- **Stored items from a collection**:
#####

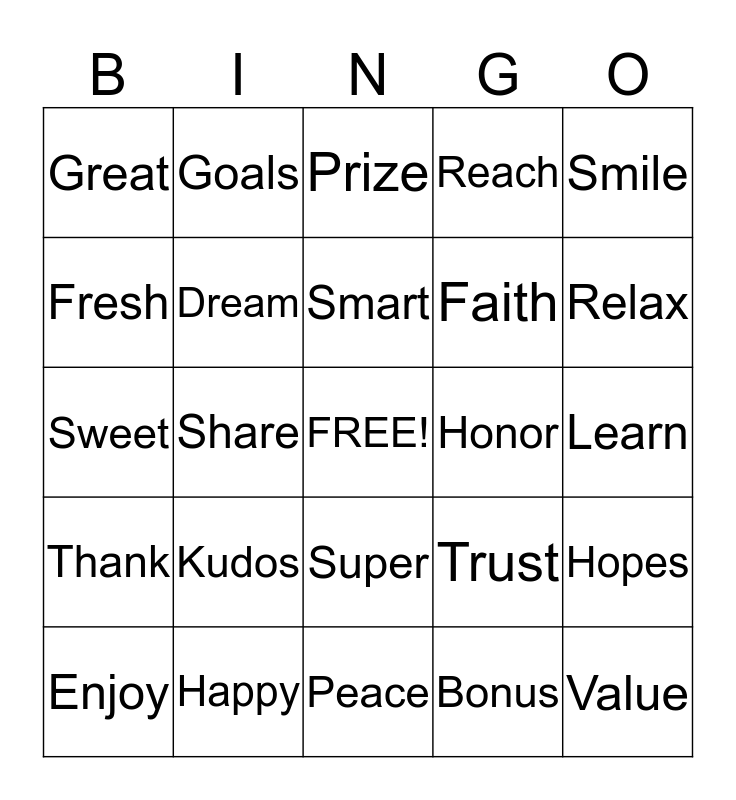 This bingo card has a free space and 24 words: Kudos, Happy, Smart, Enjoy, Smile, Great, Fresh, Goals, Honor, Super, Faith, Sweet, Trust, Hopes, Dream, Bonus, Learn, Prize, Relax, Share, Value, Thank, Reach and Peace.
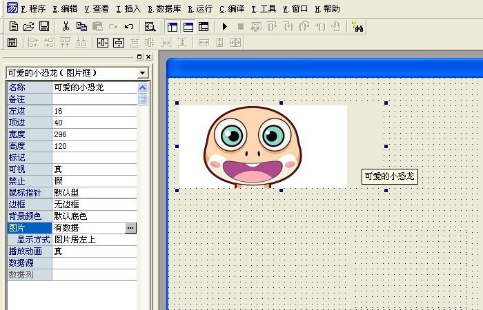 7、调整好图框内图片大小后,鼠标左键单击菜单栏下的运行按钮,这样就可以在运行状态下,查看窗口界面的情况了,如下图所示。一个只有图框控件的窗口程序就做好了。爱好编程和开发的朋友也来做做吧。
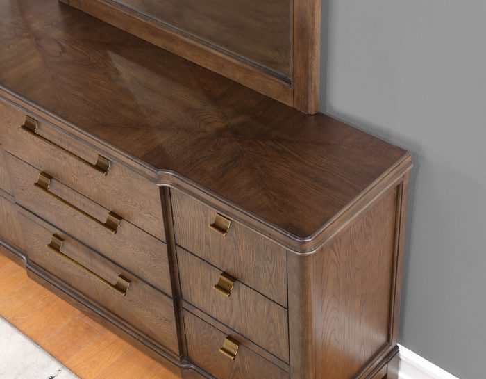 Modern bedroom styling in a Dresser constructed with the craftsmanship you will appreciate. The six-drawer Milan Dresser features a warm brown walnut-colored finish accented by the contemporary sloped hardware finished in an antiqued bronze color. The modern breakfront face features an opulent sunburst veneer pattern and side-drawer glides for whisper smooth drawer operation. Paired with the Milan Mirror for the perfect setting to get ready for your day!
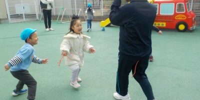 しっぽ取りでは、保育者や友だちにしっぽを取られないようにしたり、しっぽをつけている人を追いかけたりして楽しく遊びました。
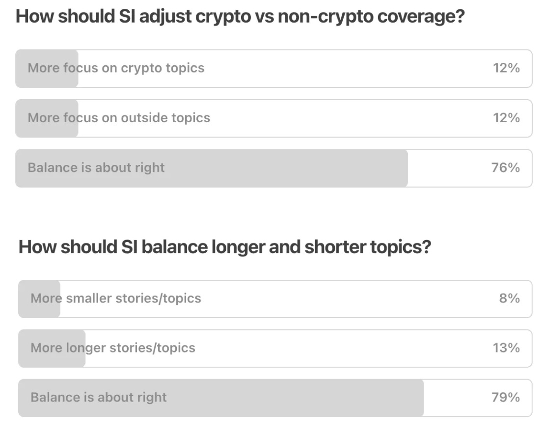 It’s been around a month and a half since I left Blockstream and re-dedicated myself to the newsletter so I’m still figuring out what form things should take going forward. As part of that process of exploration I asked paid subscribers what they wanted to see out of Something Interesting going forward — here is what they said.
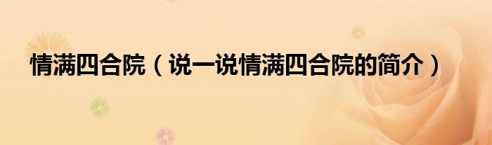 夏弥来为大家解答以下的问题,情满四合院,说一说情满四合院的简介,现在让我们一起来看看吧!

#####

- **PROMPT**: Please set down the records above verbatim, with each picture left out.

- **EXERCISE OUTPUT**:
 This bingo card has a free space and 24 words: Kudos, Happy, Smart, Enjoy, Smile, Great, Fresh, Goals, Honor, Super, Faith, Sweet, Trust, Hopes, Dream, Bonus, Learn, Prize, Relax, Share, Value, Thank, Reach and Peace.
 7、调整好图框内图片大小后,鼠标左键单击菜单栏下的运行按钮,这样就可以在运行状态下,查看窗口界面的情况了,如下图所示。一个只有图框控件的窗口程序就做好了。爱好编程和开发的朋友也来做做吧。
 Modern bedroom styling in a Dresser constructed with the craftsmanship you will appreciate. The six-drawer Milan Dresser features a warm brown walnut-colored finish accented by the contemporary sloped hardware finished in an antiqued bronze color. The modern breakfront face features an opulent sunburst veneer pattern and side-drawer glides for whisper smooth drawer operation. Paired with the Milan Mirror for the perfect setting to get ready for your day!
 しっぽ取りでは、保育者や友だちにしっぽを取られないようにしたり、しっぽをつけている人を追いかけたりして楽しく遊びました。
 It’s been around a month and a half since I left Blockstream and re-dedicated myself to the newsletter so I’m still figuring out what form things should take going forward. As part of that process of exploration I asked paid subscribers what they wanted to see out of Something Interesting going forward — here is what they said.
 夏弥来为大家解答以下的问题,情满四合院,说一说情满四合院的简介,现在让我们一起来看看吧!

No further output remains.